Let \(A = \begin{pmatrix} 1&1 \\ 0&1 \end{pmatrix}.\) Then the characteristic polynomial of \(A\) is \((t-1)^2,\) so there is only one eigenvalue, \(\lambda=1.\) Since similar matrices have the same eigenvalues (indeed, the same characteristic polynomial), if \(A\) were diagonalizable, it would be similar to a diagonal matrix with \(1\) as its only eigenvalue, namely the identity matrix. But the only matrix similar to the identity matrix is the identity matrix: \(PI_2P^{-1} = I_2\) for all \(P.\) So \(A\) cannot be diagonalizable.

There are other ways to see that \(A\) is not diagonalizable, e.g. by computing the size of the eigenspace corresponding to \(\lambda=1\) and showing that there is no basis of eigenvalues of \(A.\)

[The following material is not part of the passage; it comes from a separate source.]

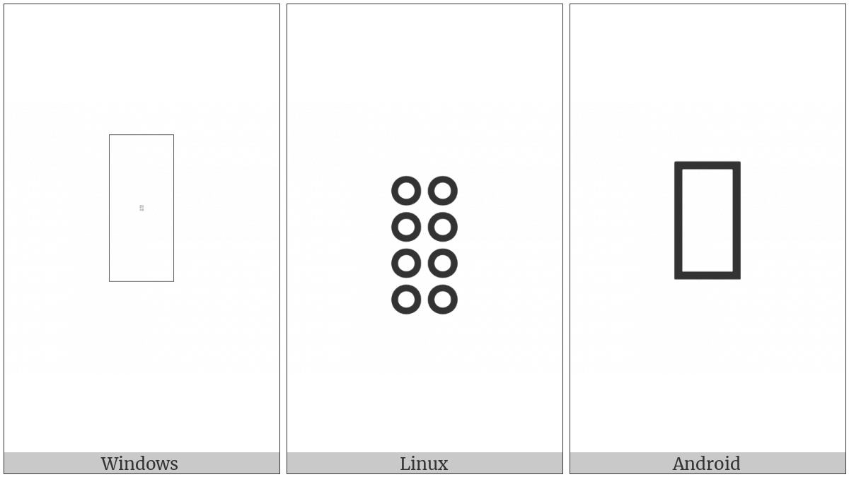 The image below shows how the “Braille Pattern Blank” symbol might look like on different operating systems. If the font in which this web site is displayed does not contain the symbol and there is no fallback font able to render it, you can use the image below to get an idea of what it should look like.
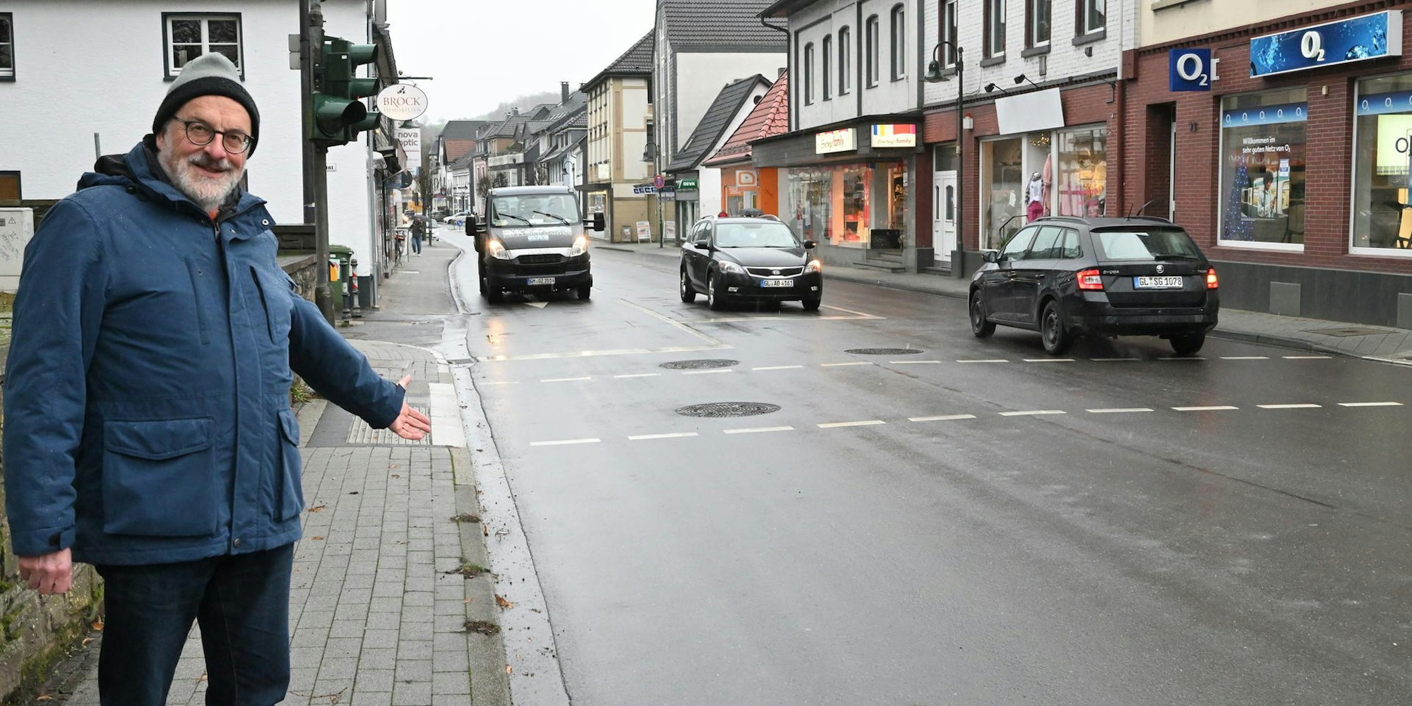 Overath – Heinrich Pfennings steht an der Straßenecke und gestikuliert in Richtung Hauptstraße. Besser gesagt, in Richtung des Bürgersteigs, den er für viel zu eng geraten hält. Genau wie auch die Fahrbahnen der Hauptstraße zwischen der Einmündung Probsteistraße und dem Autohaus Kuhl. „Auf der Fahrbahn fühlen sich die Radfahrer von den Autos bedrängt, und auf dem Bürgersteig ist viel zu wenig Platz für Fußgänger und Radfahrer“, sagt Pfennings. Man müsse teilweise als Fußgänger schon auf die Fahrbahn treten, wenn eine Person mit Kinderwagen entgegenkomme. Immer wieder, hat der 67-Jährige beobachtet, komme es deshalb zu gefährlichen Situationen auf Fahrbahn und Bürgersteigen.

Note that having repeated roots in the characteristic polynomial does not imply that the matrix is not diagonalizable: to give the most basic example, the \(n\times n\) identity matrix is diagonalizable (diagonal, in fact), but it has only one eigenvalue \(\lambda=1\) with multiplicity \(n.\)

More generally, there are two concepts of multiplicity for eigenvalues of a matrix. The multiplicity we have referred to above, the exponent of the factor \((t-\lambda)\) in the characteristic polynomial, is known as the algebraic multiplicity. The dimension of the eigenspace corresponding to \(\lambda\) is called the geometric multiplicity. It is not hard to prove that the algebraic multiplicity is always \(\ge\) the geometric multiplicity, so \(A\) is diagonalizable if and only if these multiplicities are equal for every eigenvalue \(\lambda.\) See the wiki on Jordan canonical form for more details.

Examples

Diagonalize \(A=\begin{pmatrix} 1&-1\\2&4\end{pmatrix}.\)

The eigenvalues are the roots \(\lambda\) of the characteristic polynomial: \[\begin{align} \det(A-\lambda I)=\begin{vmatrix} 1-\lambda&-1\\2&4-\lambda\end{vmatrix}=0\implies (1-\lambda)(4-\lambda)+2&=0\\ \lambda^2-5\lambda+6&=0\\ \lambda&= 2,3. \end{align}\] We find eigenvectors for both eigenvalues:

\(\lambda_1=2\implies \begin{pmatrix} -1&-1\\2&2\end{pmatrix}\begin{pmatrix}x_1\\x_2\end{pmatrix}=0.\) One solution, the one we will pick, is \(s_1 =\begin{pmatrix}1\\-1\end{pmatrix}.\)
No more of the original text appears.